The Systems Performance Evaluation Co-operative has made a move to eliminate some of the more arcane compiler optimisations that vendors have been using to achieve peak SPEC benchmark results by adopting parts of a Hewlett-Packard Co proposal. This means that after this year all peak performance results will have to be reported in conjunction with baseline results that adhere to a number of optimisation restrictions so that a vendor might report a peak SPECint92 or SPECrate_int92 figures, but must also show SPECint92 base and SPECrate_int92 base results. Andrew Allison’s BenchPress Quarterly reports the latest crop of SPEC results, which show Digital Equipment Corp’s Alpha 3000/600 to be top of the desktop pile in both SPECint and SPECfp.

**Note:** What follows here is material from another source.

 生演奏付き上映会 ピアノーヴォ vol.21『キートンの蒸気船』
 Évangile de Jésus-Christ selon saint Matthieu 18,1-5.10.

DEC is followed, in descending order of SPECint results (SPECfp performance differs more widely between systems of similar integer rates) by the Silicon Graphics Inc Indy R4400SC, Silicon Graphics Indigo2 SC, Hewlett-Packard Co HP 9000-712/80i, HP9 000/735 (with the second highest SPECfp mark), DEC 3000/400, IBM Corp RS/6000-370/375, Siemens Nixdorf Informationssysteme AG PC-5S, DEC 3000/300, Sun Microsystems Inc Sparcstation 10/51 and Compaq Computer Corp Systempro/XL, with 28 other desktops measured outperforming a basic 486DX2/50 architecture. The top Silicon Graphics and Hewlett-Packard machines are at around 75% of the performance of DEC’s 3000/600 – Siemens Nixdorf’s PCE-5S is the newcomer, a 66MHz Pentium box that outperforms most workstations, including Sun’s top-of-the-line Sparcstation 10 box. Allison observes that most action is currently occuring around the 60 SPECint92 area. Although he expects IBM’s 80MHz PowerPC 601 to hit the mid-70s integer performance, Intel Corp’s second generation P54C chip is also likely to come in around that mark. This should move the performance battleground on to around the 75 to 90 SPECint92 range by mid-year, Allison believes. Deskside server systems generally come with more raw performance. DEC dominates here again, holding half of the top 10 places in this category, including the top three places with the 7000/610, 3000/800 and 4000/710 – there are three MIPS Technologies Inc R-series-based Siemens Nixdorf boxes and two of IBM’s RS/6000s as well.

Peppering

Thereafter comes a peppering of Hewlett-Packard, IBM and other DEC systems. In the multiprocessor arena the 150MHz MIPS R4400 Silicon Graphics systems dominate (with the 200MHz TFP due). DEC’s weakness in this arena is attributed to a maximum of six central processing units and only one result running OSF/1 to date. Again, a number of Siemens Nixdorf MIPS and Intel boxes show – the Dansk Data A/S Supermax and Solbourne Computer Corp FSeries 6 also figure – while there is no figure for a 20-way Sparcenter 2000 even though the machine was announced for shipment back in December last year. In descending integer order, the 20 CPU Silicon Graphics Challenge XL leads the field, a 16 CPU version will follow, with a 12 processor HP9000 T500 next, then a 16-way Sparcenter 2000 (which clocks a higher SPECrate_fp92 than any other system), 12 CPU Challenge XL, eight-way HP9000 T500, 12 CPU Sparcenter 2000, 8 CPU Challenge XL, six-way DEC 10000/660 and 7000/660.